Personal information
- Nationality: American
- Born: November 5, 1980 (age 45) Cincinnati, Ohio
- Height: 6 ft 5 in (1.96 m)
- Weight: 360 lb (160 kg)

Sport
- Sport: Track and field
- Event: Hammer throw
- College team: Manhattan Jaspers
- Club: New York Athletic Club

Achievements and titles
- Personal best: HT (7.3 kg): 76.86 m (Princeton 2009)

Medal record
Men's athletics
Representing the United States
NACAC Championships
| Gold medal – first place | 2007 San Salvador | Hammer throw |
NACAC Under-25 Championships
| Gold medal – first place | 2002 San Antonio | Hammer throw |
Pan American Junior Championships
| Silver medal – second place | 1999 Tampa | Hammer throw |
Usatf outdoor track and field championships
| Gold medal – first place | 2010 Des Moines | Hammer throw |

= Jake Freeman =

American hammer thrower (born 1980)

Thomas Jacob Freeman (born November 5, 1980) is an American hammer thrower. He competed at the 2009 World Outdoor championships.
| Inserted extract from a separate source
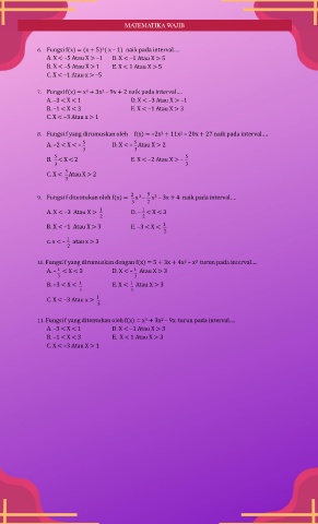 7. Fungsi f(x) = x + 3x – 9x + 2 naik pada interval….

A native of East Greenwich, Rhode Island, Freeman attended Bishop Hendricken High School. He was Track and Field News "High School Athlete of the Year" in 2000.

In 2011, Freeman was suspended by the USA Track & Field due a positive test for tetrahydrocannabinol. It was Freeman's second doping violation, having previously tested positive for tetrahydrocannabinol in 2009.